**Assignment:**
Here the job is to transcribe the data verbatim while leaving each picture out.

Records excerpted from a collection
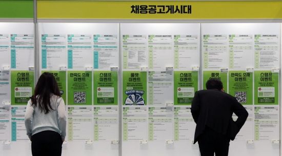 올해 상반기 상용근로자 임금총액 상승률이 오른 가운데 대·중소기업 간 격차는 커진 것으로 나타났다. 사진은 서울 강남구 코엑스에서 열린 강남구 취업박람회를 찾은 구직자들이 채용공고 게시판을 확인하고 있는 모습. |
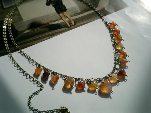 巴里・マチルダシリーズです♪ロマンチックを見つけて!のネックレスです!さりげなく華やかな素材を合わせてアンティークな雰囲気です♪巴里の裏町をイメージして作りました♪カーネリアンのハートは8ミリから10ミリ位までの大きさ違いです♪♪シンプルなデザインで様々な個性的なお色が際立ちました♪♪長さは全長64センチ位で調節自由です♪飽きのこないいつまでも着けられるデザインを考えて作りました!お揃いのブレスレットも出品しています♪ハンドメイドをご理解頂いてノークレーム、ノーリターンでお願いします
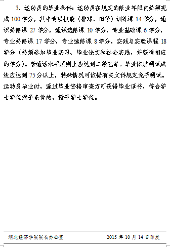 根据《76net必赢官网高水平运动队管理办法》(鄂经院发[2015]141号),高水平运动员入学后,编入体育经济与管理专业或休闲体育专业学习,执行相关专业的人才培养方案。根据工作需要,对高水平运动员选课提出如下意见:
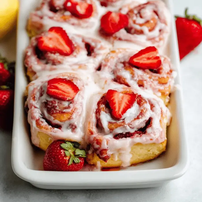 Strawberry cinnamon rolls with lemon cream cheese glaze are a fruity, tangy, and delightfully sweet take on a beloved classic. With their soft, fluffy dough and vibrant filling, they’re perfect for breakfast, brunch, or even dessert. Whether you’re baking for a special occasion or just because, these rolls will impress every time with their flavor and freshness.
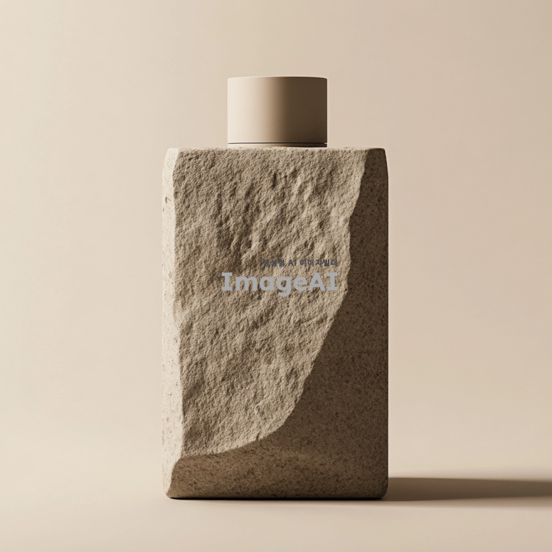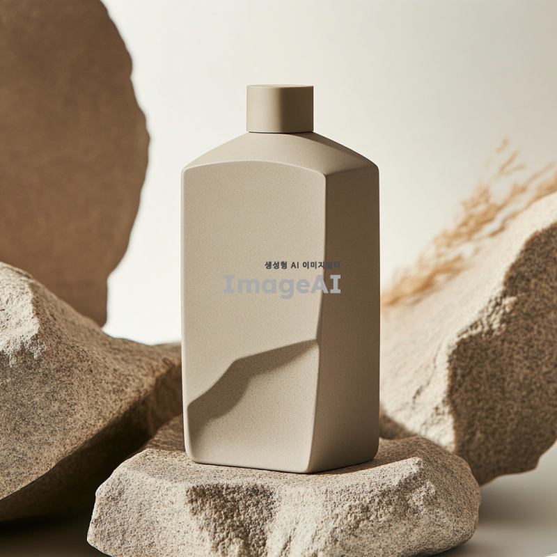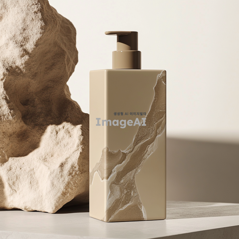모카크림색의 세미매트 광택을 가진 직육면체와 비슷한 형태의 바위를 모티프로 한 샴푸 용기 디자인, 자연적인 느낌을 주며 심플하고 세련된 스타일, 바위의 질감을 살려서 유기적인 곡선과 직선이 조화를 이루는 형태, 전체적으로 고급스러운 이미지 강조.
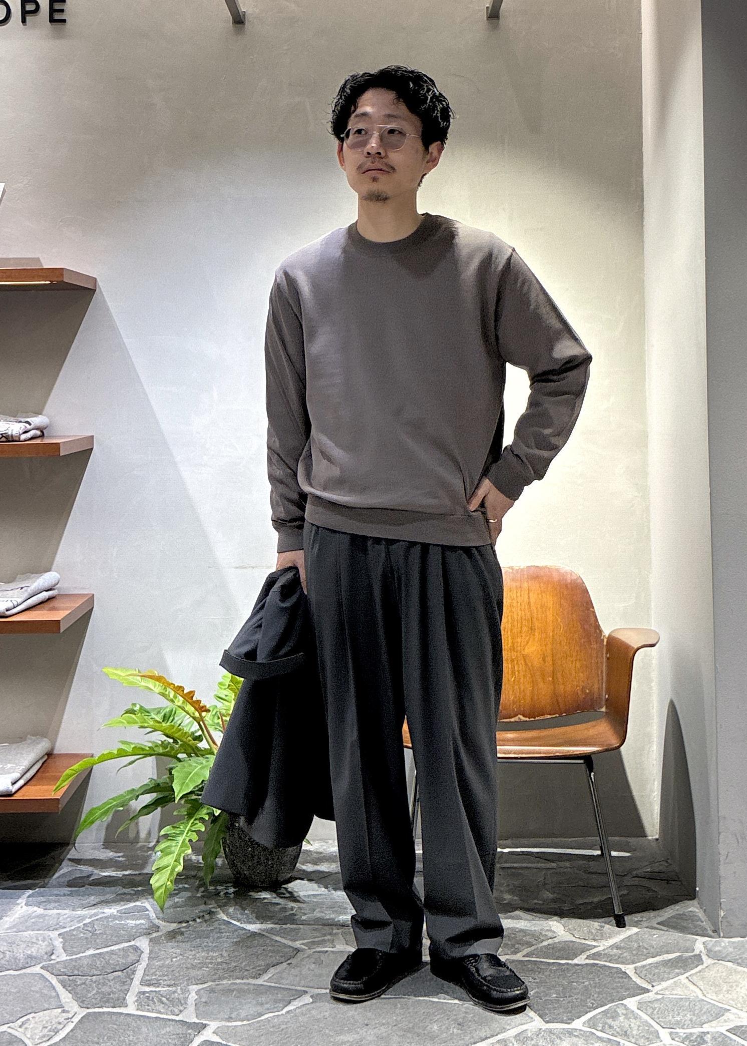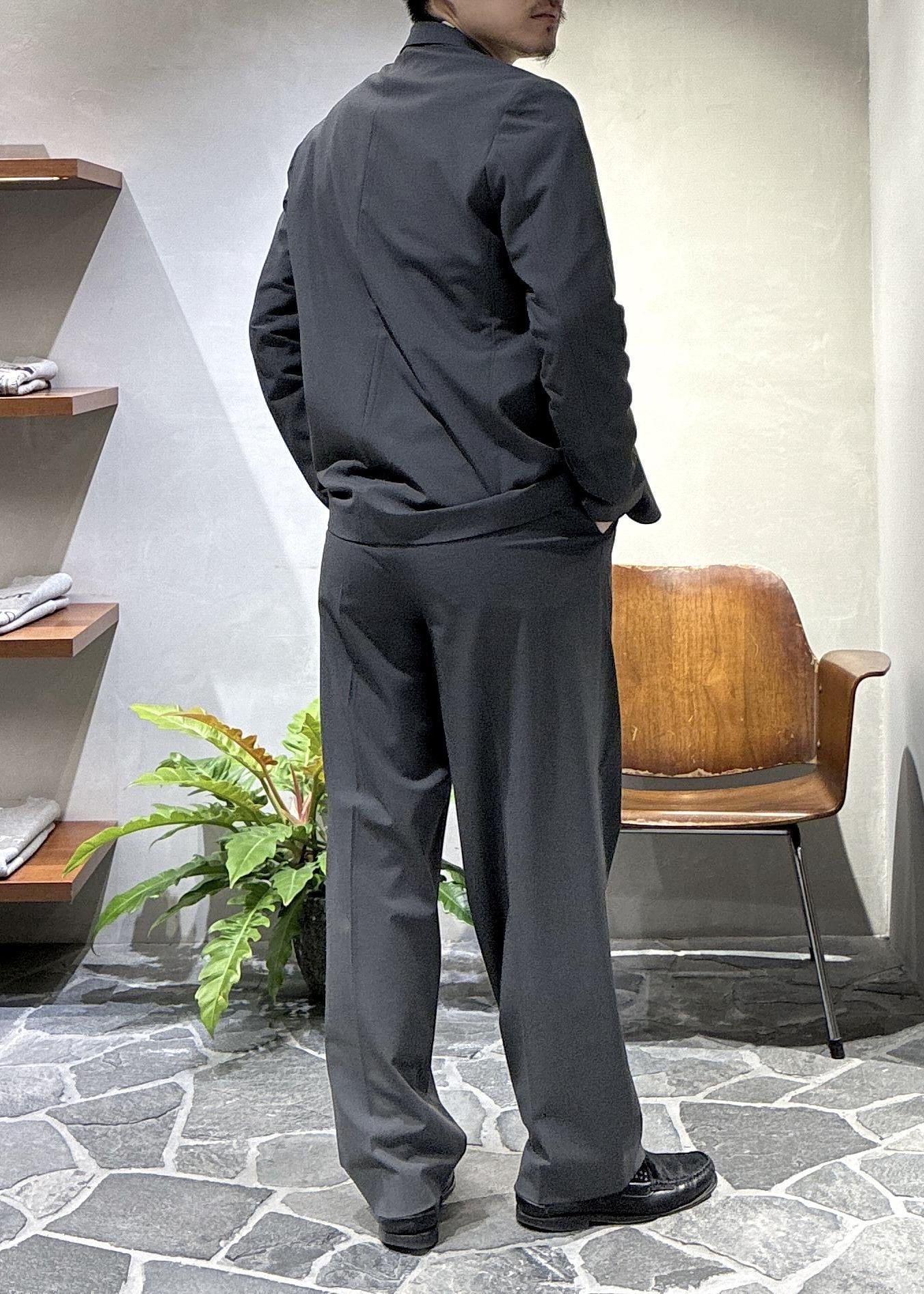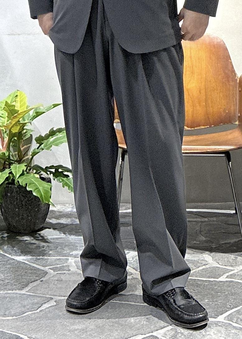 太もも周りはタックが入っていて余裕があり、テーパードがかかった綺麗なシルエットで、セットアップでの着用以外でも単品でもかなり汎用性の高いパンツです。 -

**Response box:**
 올해 상반기 상용근로자 임금총액 상승률이 오른 가운데 대·중소기업 간 격차는 커진 것으로 나타났다. 사진은 서울 강남구 코엑스에서 열린 강남구 취업박람회를 찾은 구직자들이 채용공고 게시판을 확인하고 있는 모습. |
 巴里・マチルダシリーズです♪ロマンチックを見つけて!のネックレスです!さりげなく華やかな素材を合わせてアンティークな雰囲気です♪巴里の裏町をイメージして作りました♪カーネリアンのハートは8ミリから10ミリ位までの大きさ違いです♪♪シンプルなデザインで様々な個性的なお色が際立ちました♪♪長さは全長64センチ位で調節自由です♪飽きのこないいつまでも着けられるデザインを考えて作りました!お揃いのブレスレットも出品しています♪ハンドメイドをご理解頂いてノークレーム、ノーリターンでお願いします
 根据《76net必赢官网高水平运动队管理办法》(鄂经院发[2015]141号),高水平运动员入学后,编入体育经济与管理专业或休闲体育专业学习,执行相关专业的人才培养方案。根据工作需要,对高水平运动员选课提出如下意见:
 Strawberry cinnamon rolls with lemon cream cheese glaze are a fruity, tangy, and delightfully sweet take on a beloved classic. With their soft, fluffy dough and vibrant filling, they’re perfect for breakfast, brunch, or even dessert. Whether you’re baking for a special occasion or just because, these rolls will impress every time with their flavor and freshness.
모카크림색의 세미매트 광택을 가진 직육면체와 비슷한 형태의 바위를 모티프로 한 샴푸 용기 디자인, 자연적인 느낌을 주며 심플하고 세련된 스타일, 바위의 질감을 살려서 유기적인 곡선과 직선이 조화를 이루는 형태, 전체적으로 고급스러운 이미지 강조.
 太もも周りはタックが入っていて余裕があり、テーパードがかかった綺麗なシルエットで、セットアップでの着用以外でも単品でもかなり汎用性の高いパンツです。 -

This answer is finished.